# Cleaning cage after babies are born



## Lightning (May 24, 2013)

How long should you wait to clean the cage after the babies are born? To get all the bloody stuff out and keep things sanitary? I need to make it better because she has too much paper and bedding in there right now and keeps covering up her water bottle spout. I'm sure she would figure out how to move stuff away from it but I don't like it being covered. They are 2 days old..should I wait a few more days?


----------



## Phantom (Apr 4, 2012)

I cleaned my cage the day after Molly's babies were born. It depends on how trusting your rat is. 

However, I will say this though. A few years ago when my boyfriend and I had several litters of mice we used to let them keep some of the old bedding the babies were in. This way the cleaned cage would still have a familiar scent. With the mice, who were a little skittish, we usually waited a day after they were born to clean the cage. We never had the mothers eat any of the babies, mice or rats.


----------



## Lightning (May 24, 2013)

Phantom said:


> I cleaned my cage the day after Molly's babies were born. It depends on how trusting your rat is.
> 
> However, I will say this though. A few years ago when my boyfriend and I had several litters of mice we used to let them keep some of the old bedding the babies were in. This way the cleaned cage would still have a familiar scent. With the mice, who were a little skittish, we usually waited a day after they were born to clean the cage. We never had the mothers eat any of the babies, mice or rats.

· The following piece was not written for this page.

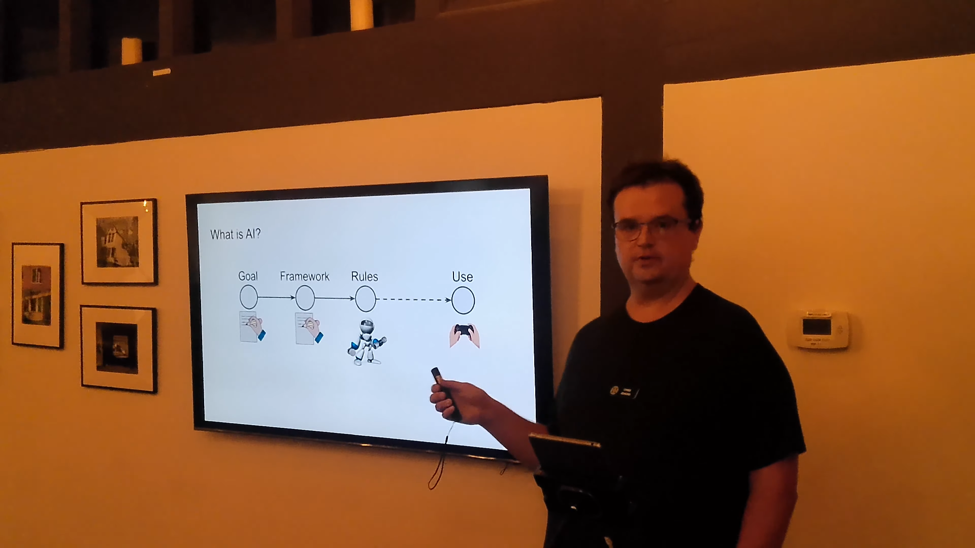 The night started with my struggling to get my iPad connected to the screens. Fortunately, I had brought just about every cable I could find to the event so that was resolved in time. I was rather nervous to speak in public since I hadn’t given a presentation to a room of people since I was at university. Also, it wasn’t obvious to me whether I was fully qualified to speak on the topic of artificial intelligence. In 2000, I graduated with a Computer Science and Artificial Intelligence degree and a few years ago I wrote an AI as part of a Machine Learning course though that hardly qualifies me as an expert.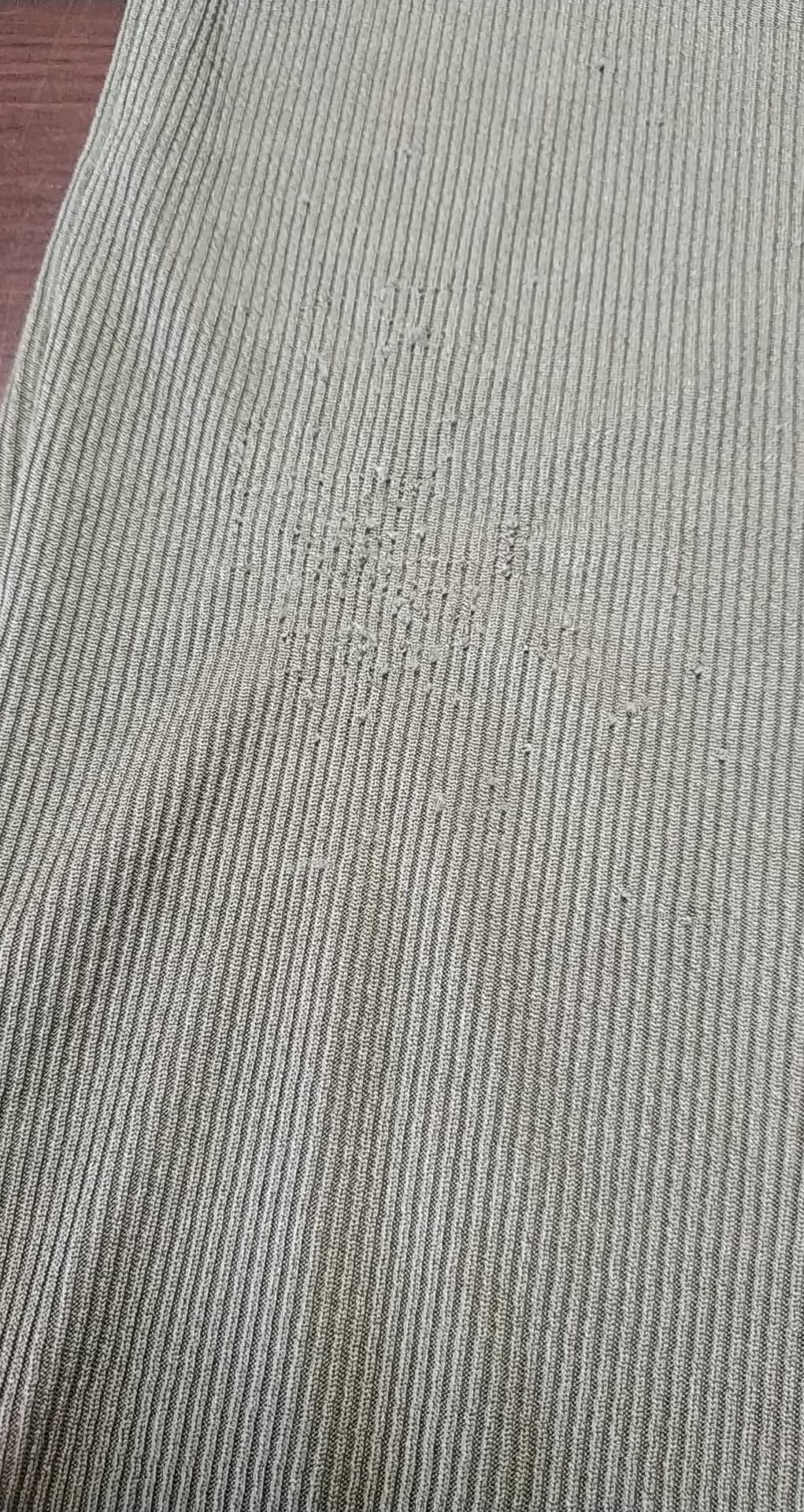 - defekt zaciągnięcia i zmechacenie materiału przy prawym boku mniej więcej na środku

So tomorrow will be 3 days and that should be fine? I've handled all the babies already and taken them all out twice for a look over since birth so I think it should be okay for me to clean. I'll probably keep a wee bit of the old bedding to be on the safe side.  And give her something better to nest with besides cut up paper.


----------



## Phantom (Apr 4, 2012)

If Mama rat trusts you around the babies it should be okay, three days is a good enough wait. A cleaner cage is healthier for the babies too! I used paper towels and a whole tissue box and allowed Molly to do with what she wanted when she had her litter. You should have seen how fast the tissue box was used up! Lol.


----------